## Records from a data collection

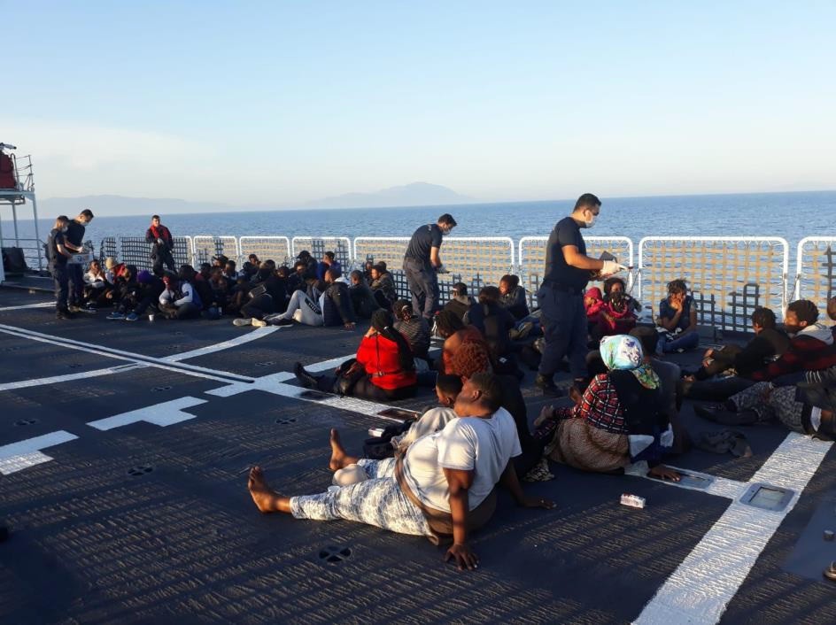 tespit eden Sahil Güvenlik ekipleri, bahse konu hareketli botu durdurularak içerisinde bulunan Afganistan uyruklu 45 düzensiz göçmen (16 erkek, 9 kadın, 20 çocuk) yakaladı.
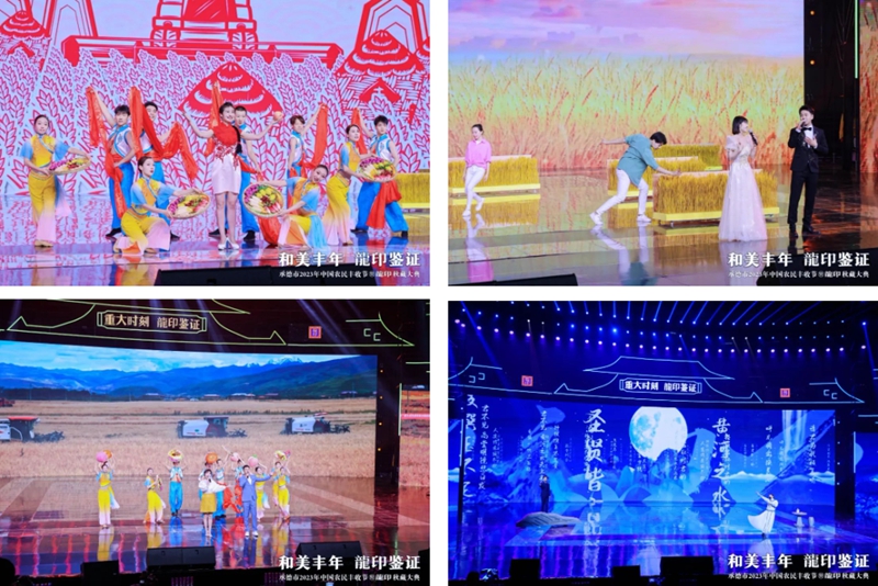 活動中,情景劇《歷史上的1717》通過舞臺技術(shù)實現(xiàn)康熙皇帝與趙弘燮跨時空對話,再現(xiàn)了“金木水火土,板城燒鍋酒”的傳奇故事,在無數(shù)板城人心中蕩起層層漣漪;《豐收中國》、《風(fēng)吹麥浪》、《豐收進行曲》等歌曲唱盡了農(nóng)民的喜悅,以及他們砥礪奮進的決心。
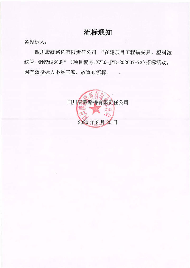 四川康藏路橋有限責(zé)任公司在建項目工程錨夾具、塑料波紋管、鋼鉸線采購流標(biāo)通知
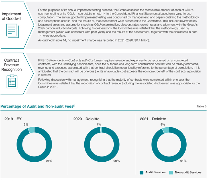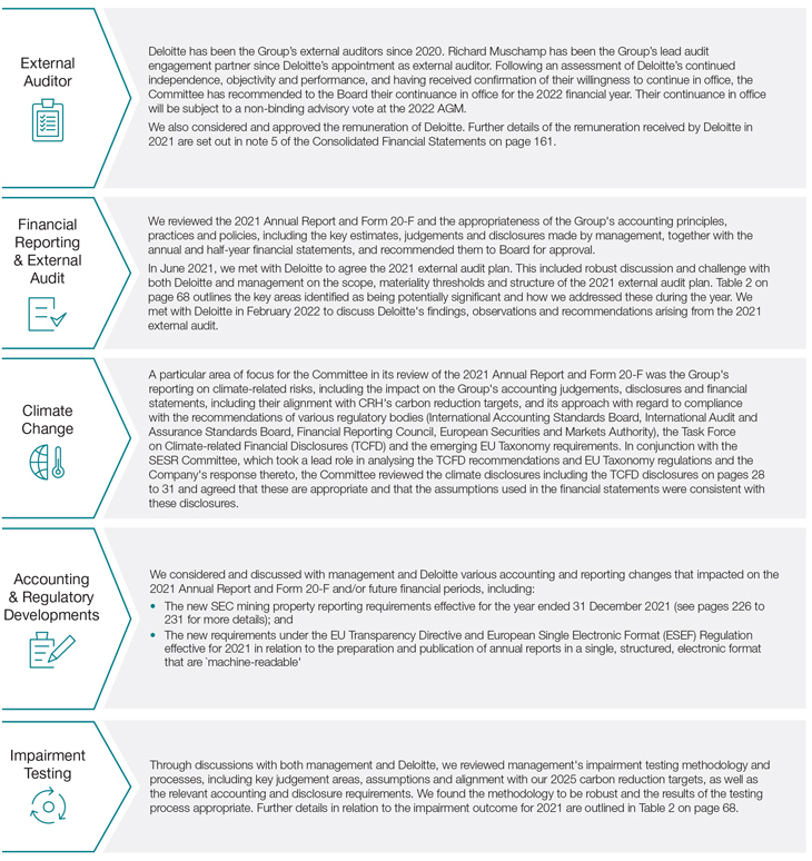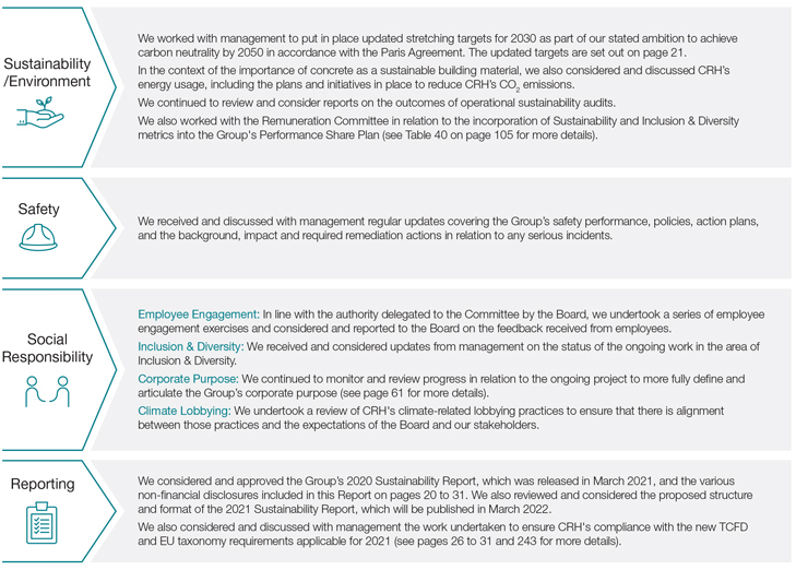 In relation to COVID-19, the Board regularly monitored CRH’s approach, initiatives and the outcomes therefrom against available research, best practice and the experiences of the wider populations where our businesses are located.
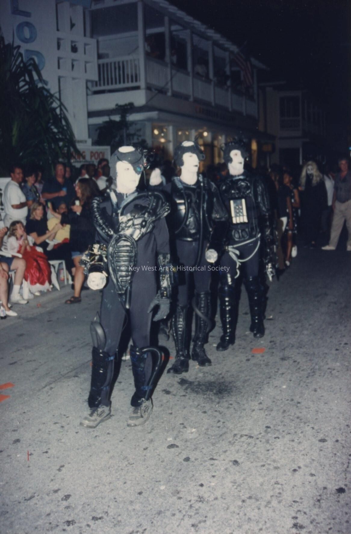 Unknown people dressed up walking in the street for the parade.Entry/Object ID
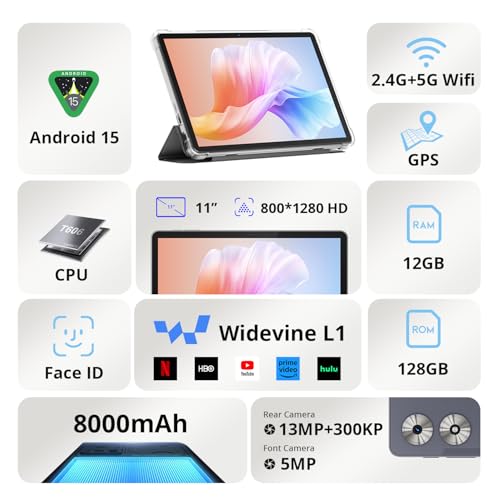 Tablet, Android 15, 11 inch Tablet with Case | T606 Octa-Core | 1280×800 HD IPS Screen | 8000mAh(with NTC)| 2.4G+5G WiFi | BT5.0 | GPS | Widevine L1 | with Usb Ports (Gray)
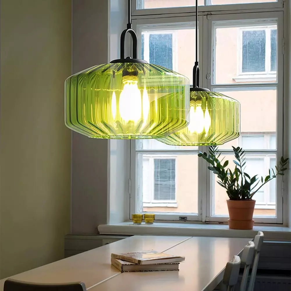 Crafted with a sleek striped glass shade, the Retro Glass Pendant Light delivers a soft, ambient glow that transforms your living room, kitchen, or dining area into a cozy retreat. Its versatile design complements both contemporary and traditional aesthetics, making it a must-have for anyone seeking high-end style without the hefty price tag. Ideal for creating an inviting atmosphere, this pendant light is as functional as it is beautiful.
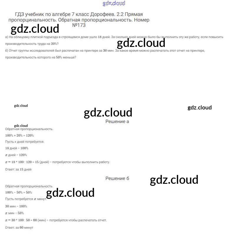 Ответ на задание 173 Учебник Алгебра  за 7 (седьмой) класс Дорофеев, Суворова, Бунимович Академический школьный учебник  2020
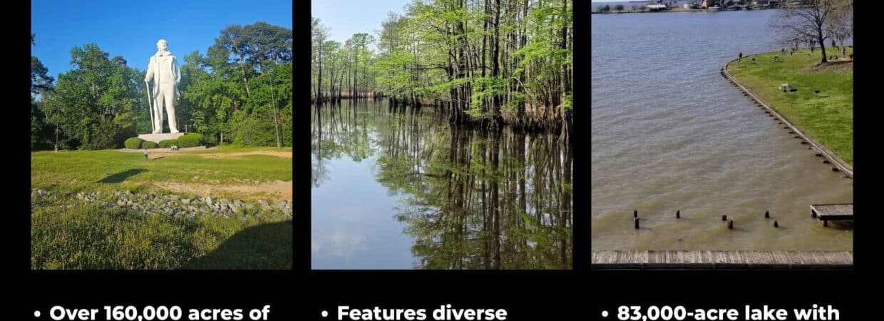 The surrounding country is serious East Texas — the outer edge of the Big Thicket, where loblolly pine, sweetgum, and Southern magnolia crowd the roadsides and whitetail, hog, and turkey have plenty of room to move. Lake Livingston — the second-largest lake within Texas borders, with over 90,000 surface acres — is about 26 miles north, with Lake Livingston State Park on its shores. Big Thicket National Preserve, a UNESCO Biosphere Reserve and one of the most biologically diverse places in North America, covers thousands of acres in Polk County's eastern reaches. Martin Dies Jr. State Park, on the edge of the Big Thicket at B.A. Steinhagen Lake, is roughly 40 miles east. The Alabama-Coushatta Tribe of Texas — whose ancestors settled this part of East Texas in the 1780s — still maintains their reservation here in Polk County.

## WORK TO BE COMPLETED
Starting at the first line of the records and stopping after the line with "活動中,情景劇《歷史上的17", copy each line exactly; pictures stay out.

## RESULT FOR THIS TASK
 tespit eden Sahil Güvenlik ekipleri, bahse konu hareketli botu durdurularak içerisinde bulunan Afganistan uyruklu 45 düzensiz göçmen (16 erkek, 9 kadın, 20 çocuk) yakaladı.
 活動中,情景劇《歷史上的1717》通過舞臺技術(shù)實現(xiàn)康熙皇帝與趙弘燮跨時空對話,再現(xiàn)了“金木水火土,板城燒鍋酒”的傳奇故事,在無數(shù)板城人心中蕩起層層漣漪;《豐收中國》、《風(fēng)吹麥浪》、《豐收進行曲》等歌曲唱盡了農(nóng)民的喜悅,以及他們砥礪奮進的決心。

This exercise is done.